### EXERCISE PROMPT
The listing below holds pictures; exclude them. Return exactly the lines from the one with "5. Women's Air" through the one with "Но это только".

### DATA FOR ANALYSIS

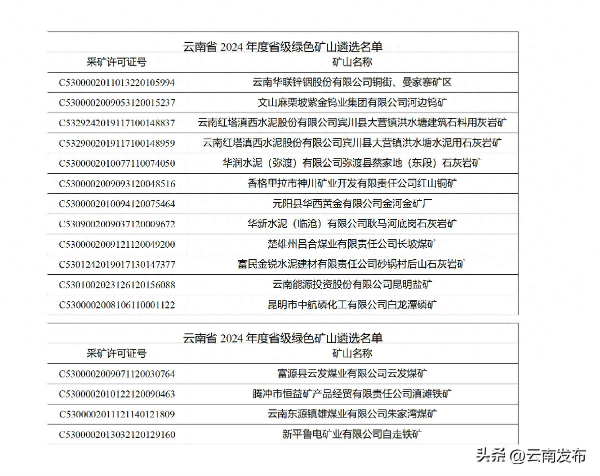 近日,云南省自然资源厅发布公告,2024年有16家矿山通过遴选,纳入云南省省级绿色矿山名录。绿色矿山是指矿山企业在矿产资源开发全过程中,实施科学有序地开采,对矿区及周边生态环境扰动控制在可控范围内,实现矿区环境生态化、开采方式科学化、资源利用高效化、企业管理规范化、矿区社区和谐化的矿山。云南省2024年度省级绿色矿山名录↓↓(云南省自然资源厅)
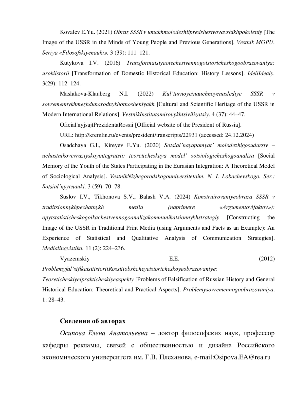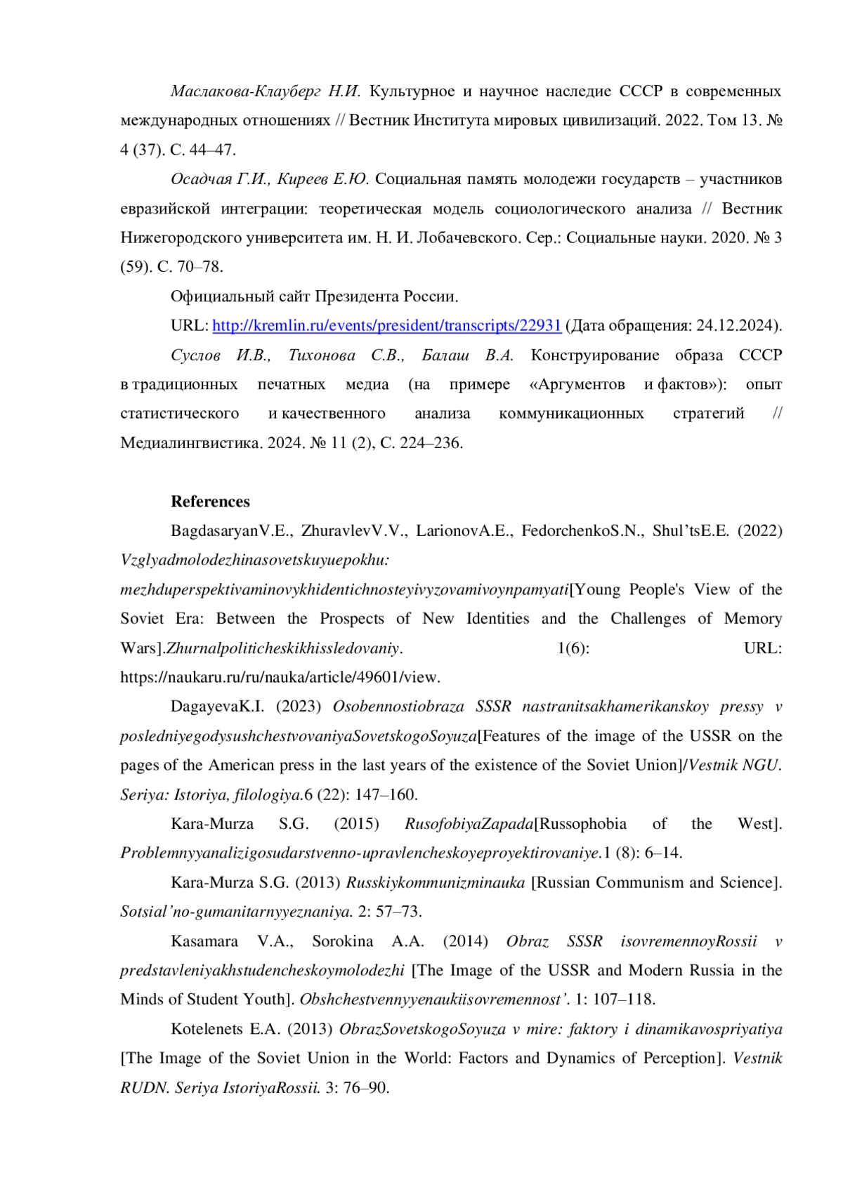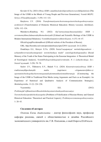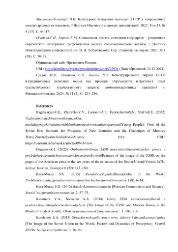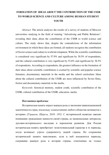 В статье анализируются результаты опросастудентов московских вузов, обучающихся по направлению подготовки «Реклама и связи с общественностью», раскрывающего их представления о вкладе СССР в мировую науку и культуру. Исследование показывает, что, несмотря на противоречивость информационной среды, в которой формируются эти представления, все студенты признают вклад советской науки и культуры в мировое развитие. При этом, научный вклад считают очень значимым 57,9% и значимым — 39,5% респондентов, а культурный вклад очень значимым — 53,8% и значимым — 38,5% респондентов. По мнению респондентов, наибольшее влияние на формирование их представлений о научном вкладе оказывают научная и научно-популярная литература, документальные материалы в СМИ и СМК и школьная программа. На представления о культурном вкладе СССР больше всего влияют советские фильмы, художественная литература и документальные материалы в СМИ и СМК.
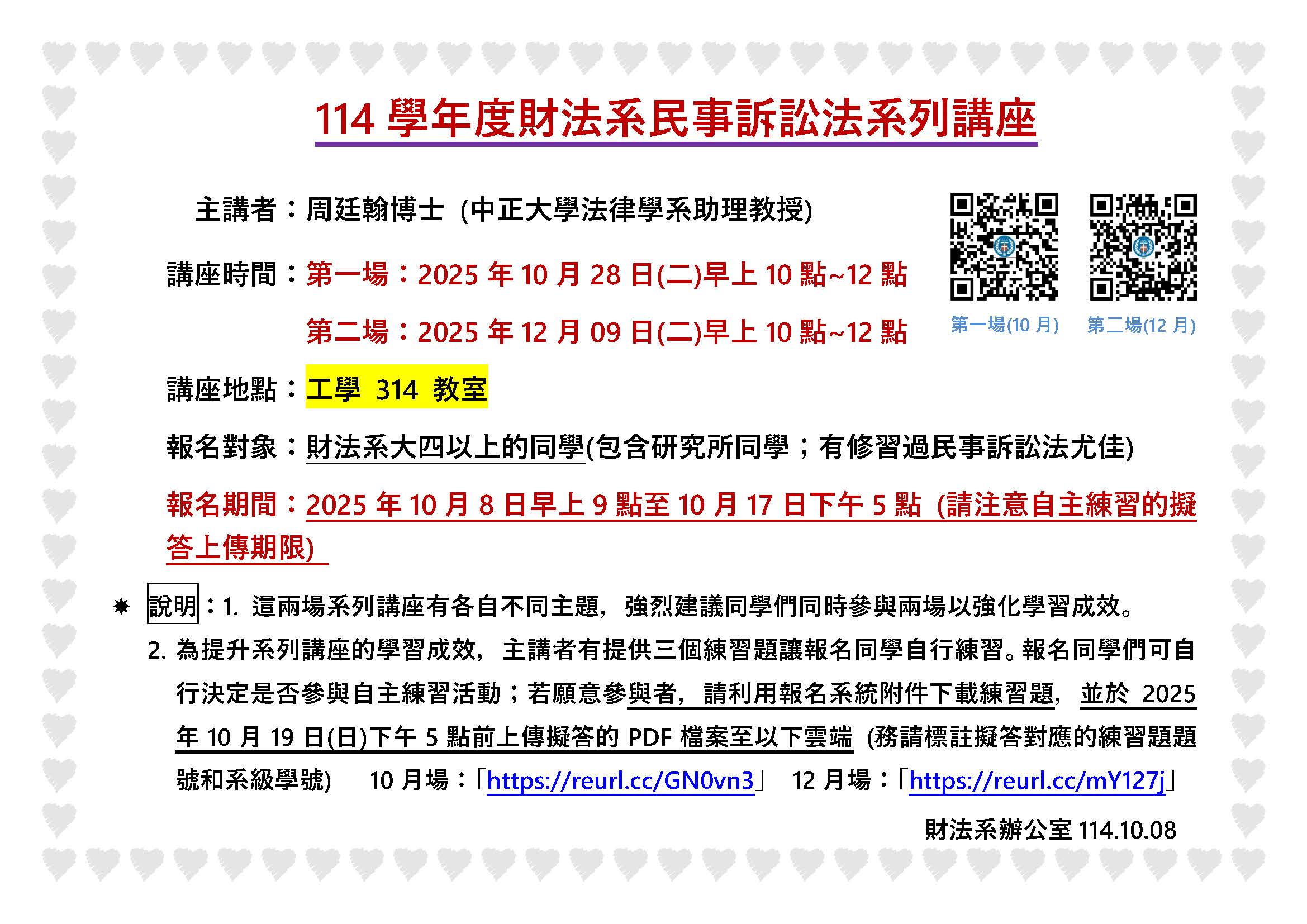 限於財法系大四以上同學(包含研究生;有修習過民事訴訟法尤佳)
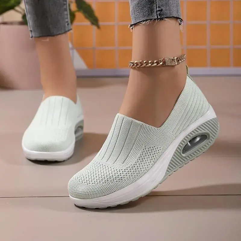 5. Women's Air Cushion Flying Woven Fashion Chunky Sneakers, Breathable Slip-on Casual Walking Shoes(gift)(Sheet)
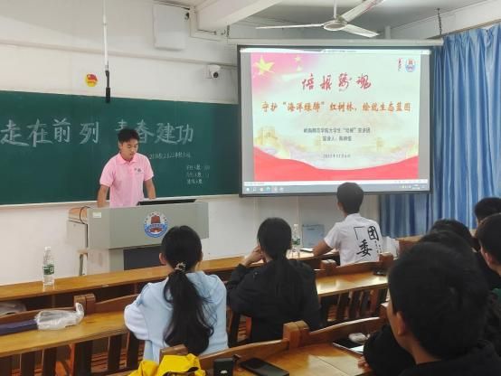 2023 年 12 月 6 日, 2021级体育教育 2 班与 2021级体育教育 5 班在第三教学楼 207 教室联合举行了“走在前列,青春建功 ”主题团日活动,此次活动邀请到学校大学生“培根 ”宣讲团成员陈帅俊进行宣讲,宣讲主题为《守护“海洋绿肺“红树林,绘就生态蓝图》。活动由刘胜文同学主持。
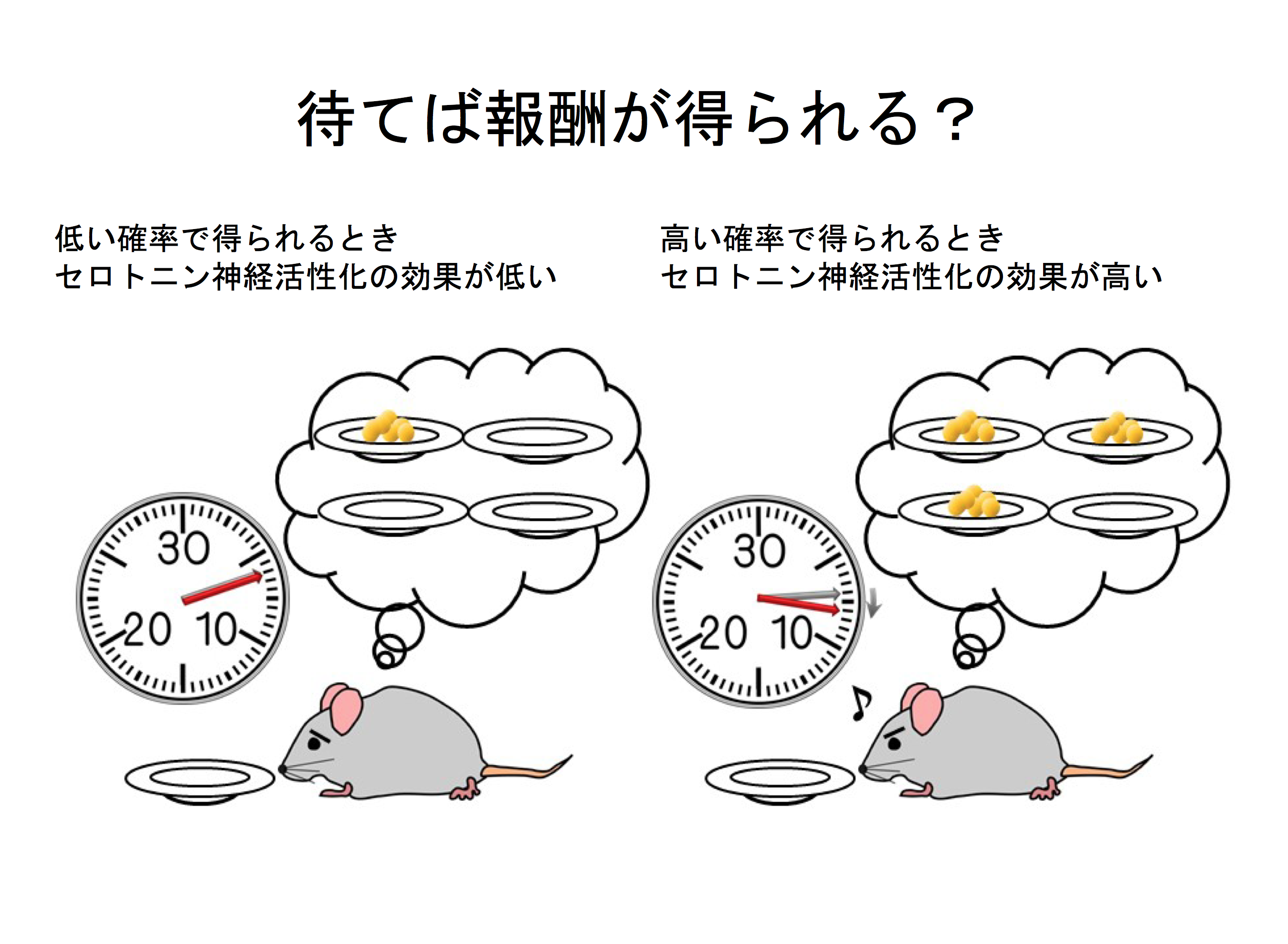 Figure 1: With a 25% probability of reward, the nose-poke time in no-food trials did not change even if serotonin neurons were activated (left). But with a 75% reward probability, the nose-poke time during no-food trials increased when serotonin neurons were activated (right).
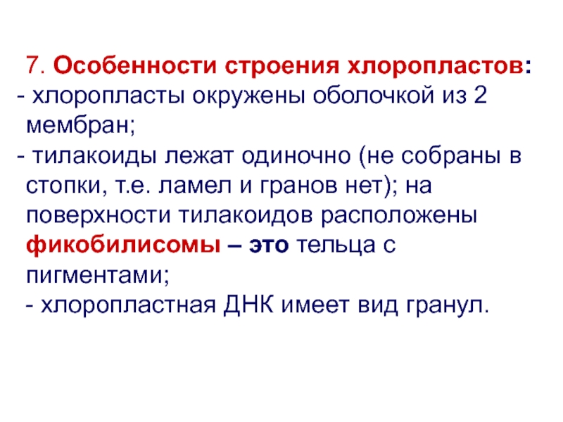 и гранов нет); на поверхности тилакоидов расположены фикобилисомы – это тельца с пигментами;
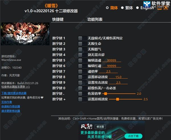 暖雪 warm snow 修改器最新版 v1.1.0.9附怎么用
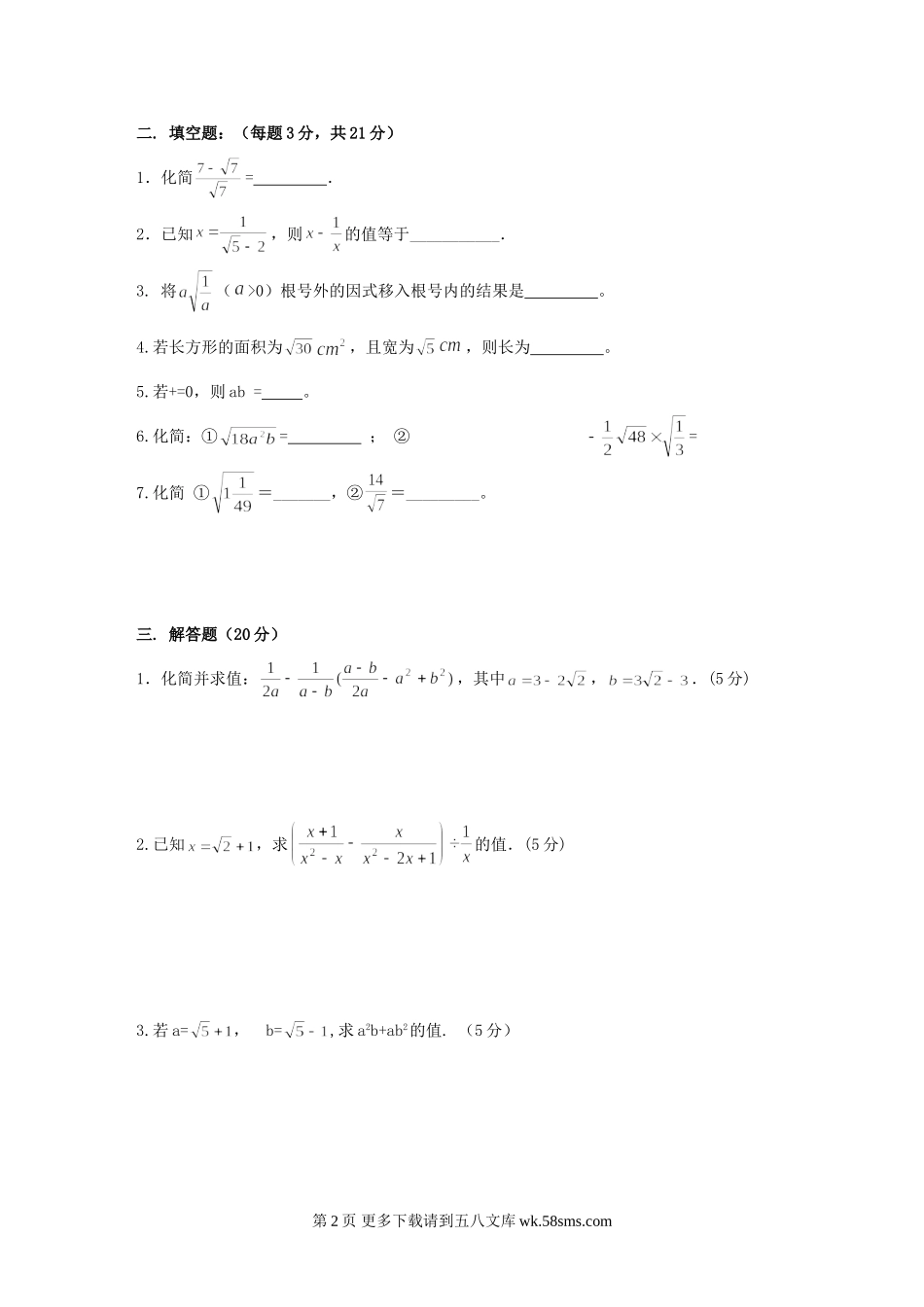 山东济宁邹5中09-10学年九年级上学单元测试试卷--数学(无答案).doc_第2页
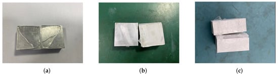 The test matrix elements include test items, test equipment, test implementation method and test operation process. Among them, the test items are divided into two categories according to the substrate materials of the test items, namely, aluminum alloy–ice–aluminum alloy static test (test of AL-Ice-AL) and aluminum alloy–ice–silicone rubber static test (test of AL-Ice-SR). The preparation, icing, insulation and tensile shear failure of specimens are conducted according to the test items. The test piece information is shown in Table 2, and the test breakdown item matrix is shown in Table 3.
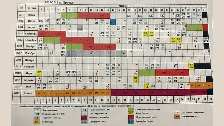 Но это только первая проблема. Вторая также связана с вопросом сборной. Новый сезон Премьер-лиги стартует 13 июля, а завершить его планируется уже 13 мая, за месяц до старта Чемпионата мира. Вот так выглядел проект календаря в начале года, сейчас в него будут внесены незначительные изменения:
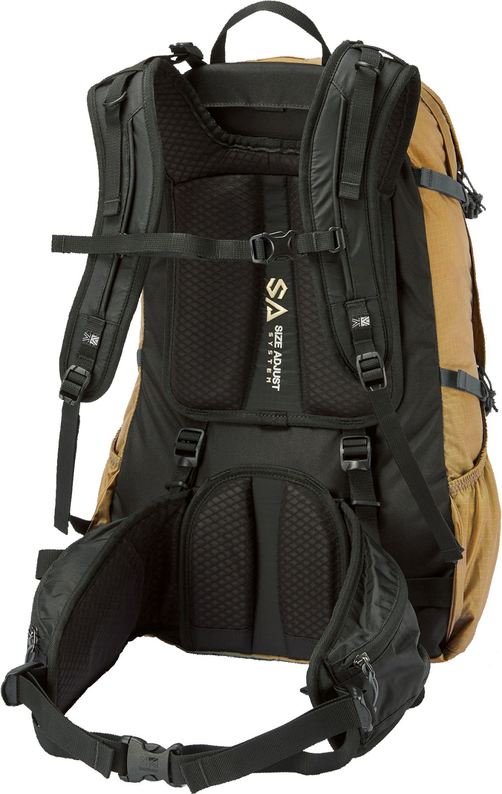 日帰りプラスαの山行に最適な27ℓ。背負ったまま背面長の調節が可能なサイズアジャストシステムを採用。ポールキャリアなどを取り付け可能なアタッチメントループも装備している。
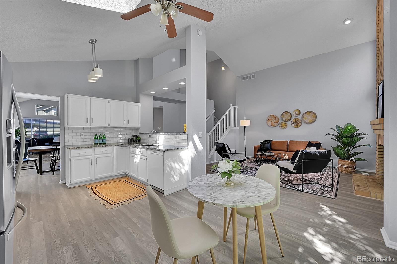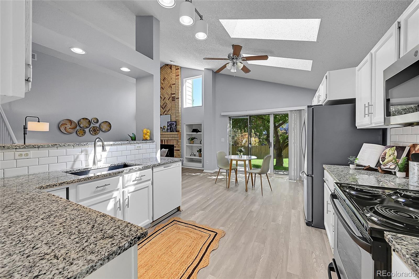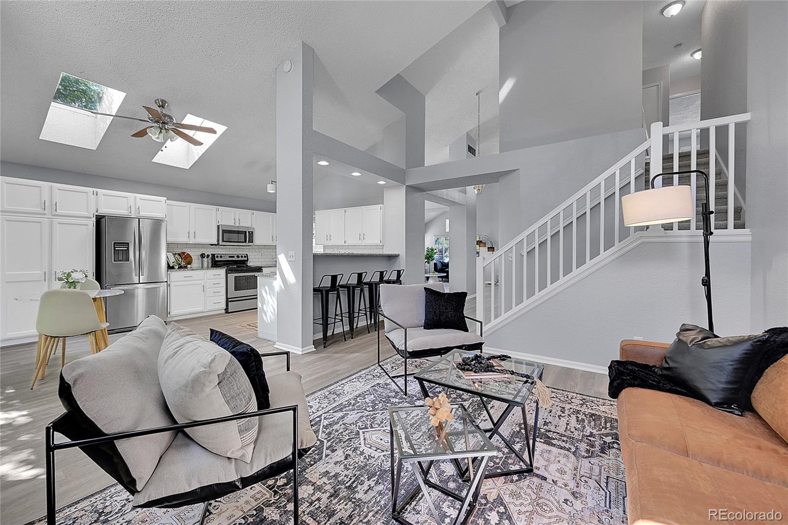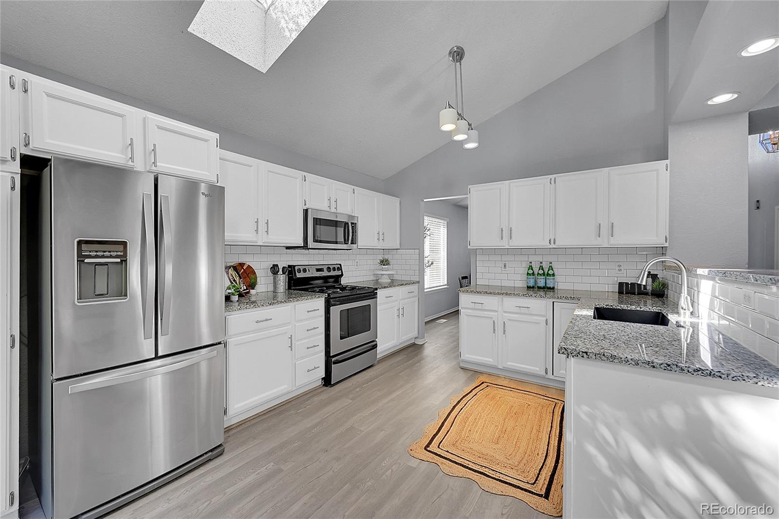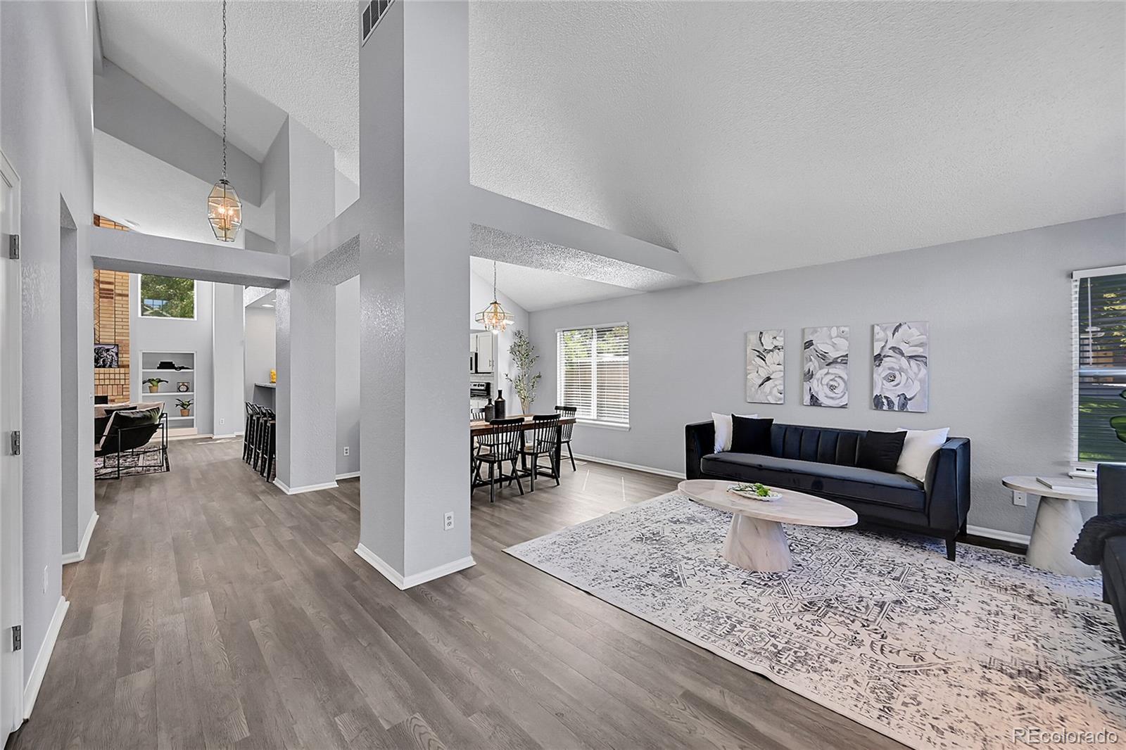 Warm and sunny home. Sunrise from east facing windows greets you in the breakfast area of large kitchen. Throughout the day sunny south windows warm. In the evening the sunset flows through the western windows into the living and dining rooms. This home is newly refreshed and sits on a highly sought-after corner lot, blending modern updates with timeless style. Step inside to brand new luxury plank vinyl flooring and plush new carpet that create a polished and inviting atmosphere. Dramatic vaulted ceilings soar overhead, filling the main living spaces with light and a sense of grandeur. The beautifully redone kitchen shines with stylish finishes, updated cabinetry, and an easy flow to the dining and living areas; perfect for both lively gatherings and quiet evenings at home by the fireplace. A spacious main floor primary suite with a spa-like five-piece bath offers the ultimate retreat. Multiple living spaces upstairs and down provide incredible versatility, while the expansive backyard with front and rear irrigation delivers a private outdoor oasis. The partially finished basement, complete with a roughed-in bath, is brimming with potential to add even more living space and long-term value. Nestled close to scenic parks, trails, top-rated schools, and convenient shopping, this home places you in the heart of one of Littleton’s most cherished neighborhoods. And with Colorado’s breathtaking mountains, 300 days of sunshine, and endless opportunities for outdoor adventure, life here truly embodies the best of the Mountain States.

### ANSWER AREA
 5. Women's Air Cushion Flying Woven Fashion Chunky Sneakers, Breathable Slip-on Casual Walking Shoes(gift)(Sheet)
 2023 年 12 月 6 日, 2021级体育教育 2 班与 2021级体育教育 5 班在第三教学楼 207 教室联合举行了“走在前列,青春建功 ”主题团日活动,此次活动邀请到学校大学生“培根 ”宣讲团成员陈帅俊进行宣讲,宣讲主题为《守护“海洋绿肺“红树林,绘就生态蓝图》。活动由刘胜文同学主持。
 Figure 1: With a 25% probability of reward, the nose-poke time in no-food trials did not change even if serotonin neurons were activated (left). But with a 75% reward probability, the nose-poke time during no-food trials increased when serotonin neurons were activated (right).
 и гранов нет); на поверхности тилакоидов расположены фикобилисомы – это тельца с пигментами;
 暖雪 warm snow 修改器最新版 v1.1.0.9附怎么用
 山东济宁邹5中09-10学年九年级上学单元测试试卷--数学(无答案).doc_第2页
 The test matrix elements include test items, test equipment, test implementation method and test operation process. Among them, the test items are divided into two categories according to the substrate materials of the test items, namely, aluminum alloy–ice–aluminum alloy static test (test of AL-Ice-AL) and aluminum alloy–ice–silicone rubber static test (test of AL-Ice-SR). The preparation, icing, insulation and tensile shear failure of specimens are conducted according to the test items. The test piece information is shown in Table 2, and the test breakdown item matrix is shown in Table 3.
 Но это только первая проблема. Вторая также связана с вопросом сборной. Новый сезон Премьер-лиги стартует 13 июля, а завершить его планируется уже 13 мая, за месяц до старта Чемпионата мира. Вот так выглядел проект календаря в начале года, сейчас в него будут внесены незначительные изменения:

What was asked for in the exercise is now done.